Something I did notice that was weird is we would get a complaint from some one... we could golook up the ip... the ip would not show as blocked and said last reported spam 3 days ago... yet the message they got was less that a couple of hours old. Next one I get I will try to demonstrate.

I find this possibly confusing. If you receive a "report from someone" ... why would that tie back to the history of a SpamCop.net report being sent out?

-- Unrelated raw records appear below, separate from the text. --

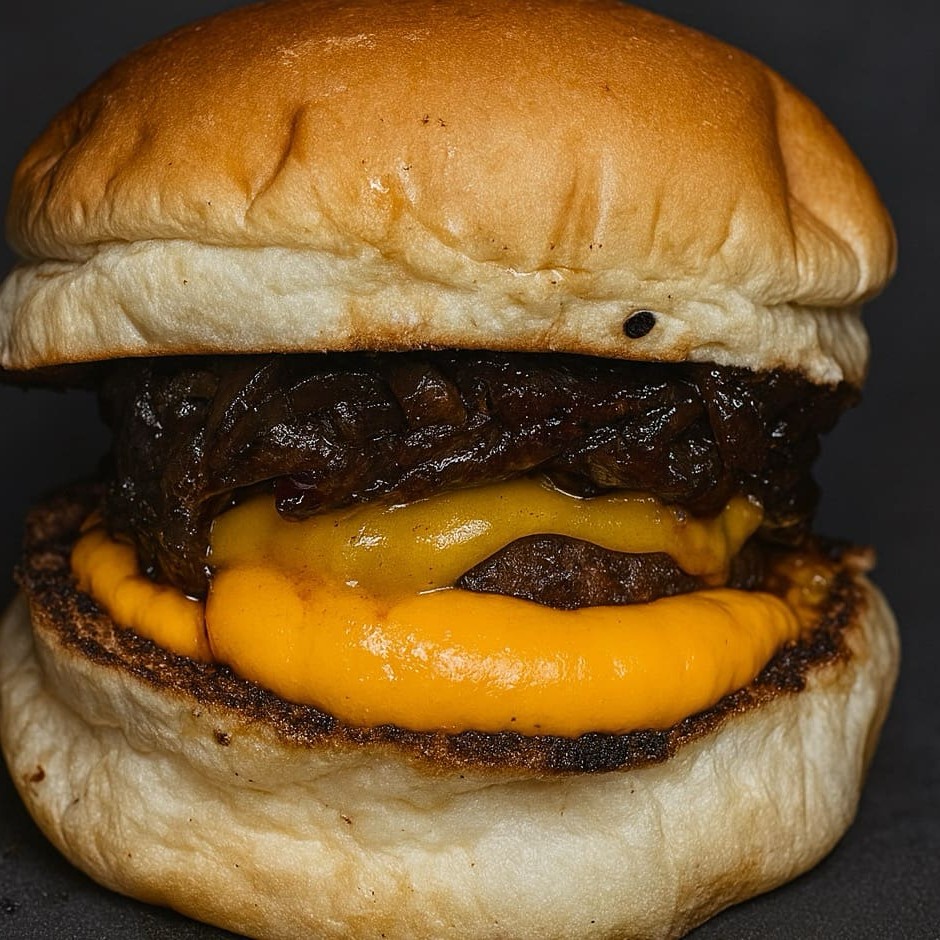 Pão brioche, 2 carne 70g, cheddar fatia, bacon fatia, cheddar cremoso, cebola caramelizada.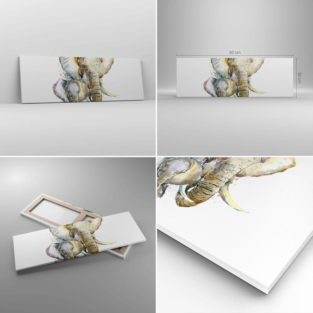 Panorama Bilder auf Leinwand Elefant spass bunt tier Leinwandbild 90x30cm Wandbilder Dekoration Wohn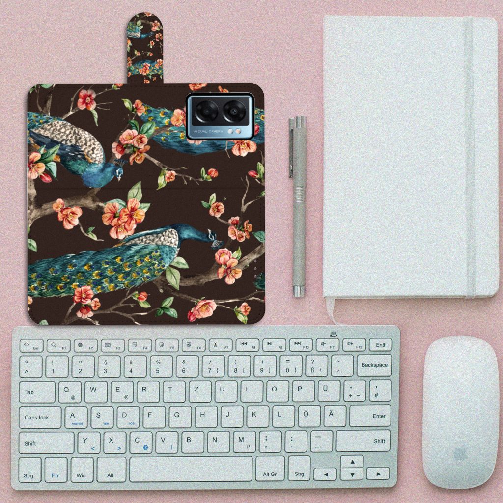 OPPO A77 5G | A57 5G Telefoonhoesje sluit met magnetisch lipje Pauw | Bloemen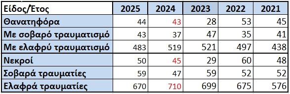 Αν και σε απόλυτους αριθμούς σε τροχαία και άτομα που ενεπλάκησαν σε αυτά, είχαμε μείωση, δυστυχώς τη χρονιά που μας πέρασε, θρηνήσαμε την απώλεια 50 συνανθρώπων μας έναντι 45 το 2024 και 29 το 2023.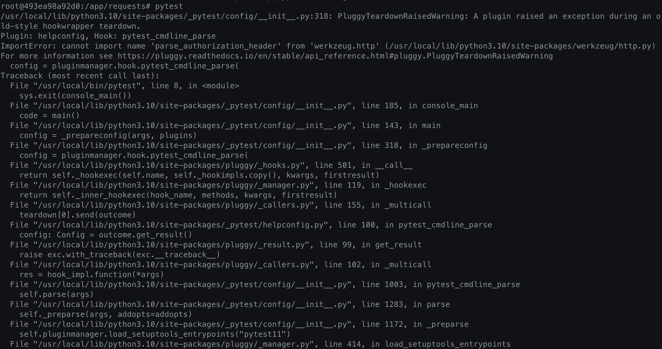 /Users/parkgwanbin/.pyenv/versions/3.10.13/lib/python3.10/site-packages/_pytest/config/__init__.py:318: PluggyTeardownRaisedWarning: A plugin raised an exception during an old-style hookwrapper teardown.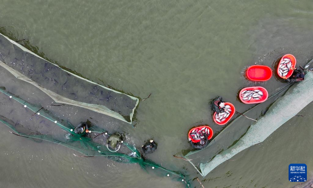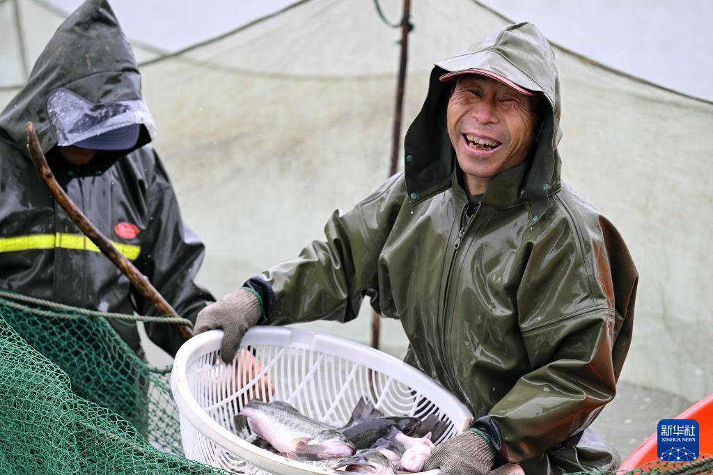 9月20日,工作人员在位于宁夏银川市贺兰县立岗镇兰丰村的晶诚水产养殖基地内收获淡水鲈鱼。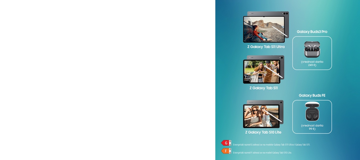1. Kupi Galaxy Tab S11 Ultra ali Galaxy Tab S11 ali Galaxy Tab S10 Lite v obdobju od 5. 9. do 28. 9. 2025 (ali do razprodaje zalog).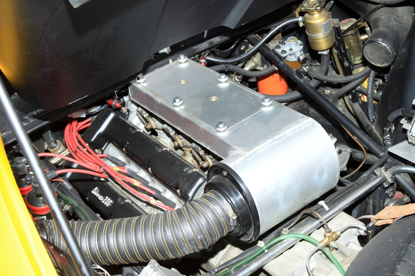 Engineer Vittorio Jano designed the V6 engine which had twin overhead camshafts. Loosely based on the V12, he changed the cylinder bank from 60 to 65 degrees which made the necessary room for carburetors. By 1966, a version of this engine was redesigned by Franco Rocchi and made its way into the 206 sports racing car.

Basically I guess the whole entire question gets to... is there a way to "register" our mail servers so this stops happening?

36388[/snapback]

No, there is no whitelisting of servers available. On the other hand, if there is something wonky about your set-up (again, without headers actually showing the internal hand-offs you described in your first post, this is still an unknown) .. it may be possible that some "data" could be manipulated by a couple of people that have access to that function, such that the wonkiness might be taken into account for future parsing ... but again, with no data to work with ...????